▶ [Brief]: Below are entries with pictures among them; reproduce exactly, and only, the lines from the one containing "சென்னை கொருக்குப்பேட்டை ஜவான்மல்" down to the one containing "Het lagere op", without the pictures.

--- Dataset content ---

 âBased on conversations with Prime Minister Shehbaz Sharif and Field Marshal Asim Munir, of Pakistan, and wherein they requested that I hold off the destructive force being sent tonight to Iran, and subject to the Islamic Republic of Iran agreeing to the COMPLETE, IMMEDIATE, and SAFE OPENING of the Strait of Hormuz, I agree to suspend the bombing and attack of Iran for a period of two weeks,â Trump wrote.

---
--- Dataset content ---

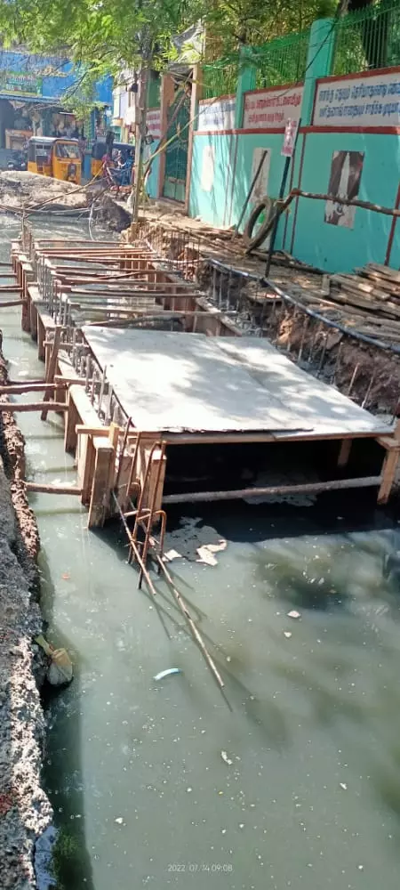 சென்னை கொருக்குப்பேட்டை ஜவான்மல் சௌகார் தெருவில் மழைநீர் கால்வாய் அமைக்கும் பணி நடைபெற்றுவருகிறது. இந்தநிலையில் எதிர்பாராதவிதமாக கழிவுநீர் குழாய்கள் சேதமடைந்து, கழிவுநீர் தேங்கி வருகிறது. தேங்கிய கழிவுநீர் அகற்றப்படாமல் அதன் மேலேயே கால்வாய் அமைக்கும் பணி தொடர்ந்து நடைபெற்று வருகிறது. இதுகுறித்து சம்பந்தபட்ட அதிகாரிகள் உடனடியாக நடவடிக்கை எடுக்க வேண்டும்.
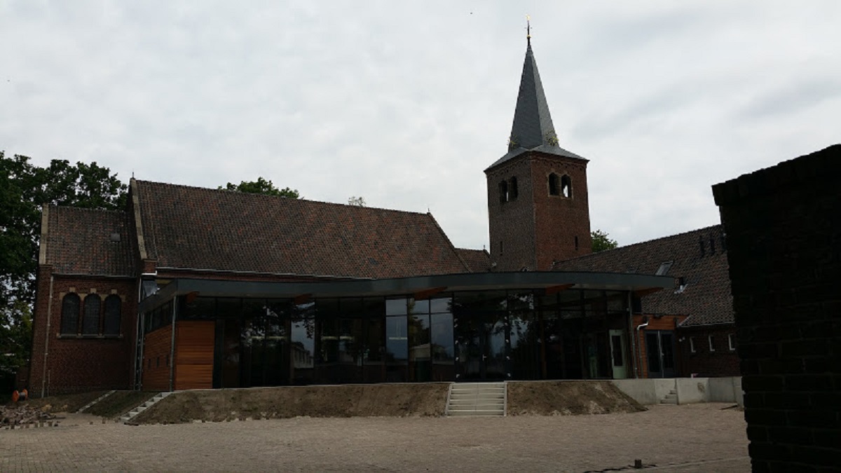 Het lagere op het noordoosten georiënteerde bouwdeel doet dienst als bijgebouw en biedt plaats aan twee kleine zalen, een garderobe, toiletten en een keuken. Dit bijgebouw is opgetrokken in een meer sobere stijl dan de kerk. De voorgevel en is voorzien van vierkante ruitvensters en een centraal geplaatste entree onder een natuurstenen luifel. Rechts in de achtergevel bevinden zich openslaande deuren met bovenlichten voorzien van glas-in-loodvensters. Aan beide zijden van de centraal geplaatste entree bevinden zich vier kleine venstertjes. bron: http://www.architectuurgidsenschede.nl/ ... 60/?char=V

---
--- Dataset content ---

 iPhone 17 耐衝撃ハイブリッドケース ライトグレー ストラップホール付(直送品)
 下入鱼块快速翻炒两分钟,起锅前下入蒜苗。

---

▶ [Response]:
 சென்னை கொருக்குப்பேட்டை ஜவான்மல் சௌகார் தெருவில் மழைநீர் கால்வாய் அமைக்கும் பணி நடைபெற்றுவருகிறது. இந்தநிலையில் எதிர்பாராதவிதமாக கழிவுநீர் குழாய்கள் சேதமடைந்து, கழிவுநீர் தேங்கி வருகிறது. தேங்கிய கழிவுநீர் அகற்றப்படாமல் அதன் மேலேயே கால்வாய் அமைக்கும் பணி தொடர்ந்து நடைபெற்று வருகிறது. இதுகுறித்து சம்பந்தபட்ட அதிகாரிகள் உடனடியாக நடவடிக்கை எடுக்க வேண்டும்.
 Het lagere op het noordoosten georiënteerde bouwdeel doet dienst als bijgebouw en biedt plaats aan twee kleine zalen, een garderobe, toiletten en een keuken. Dit bijgebouw is opgetrokken in een meer sobere stijl dan de kerk. De voorgevel en is voorzien van vierkante ruitvensters en een centraal geplaatste entree onder een natuurstenen luifel. Rechts in de achtergevel bevinden zich openslaande deuren met bovenlichten voorzien van glas-in-loodvensters. Aan beide zijden van de centraal geplaatste entree bevinden zich vier kleine venstertjes. bron: http://www.architectuurgidsenschede.nl/ ... 60/?char=V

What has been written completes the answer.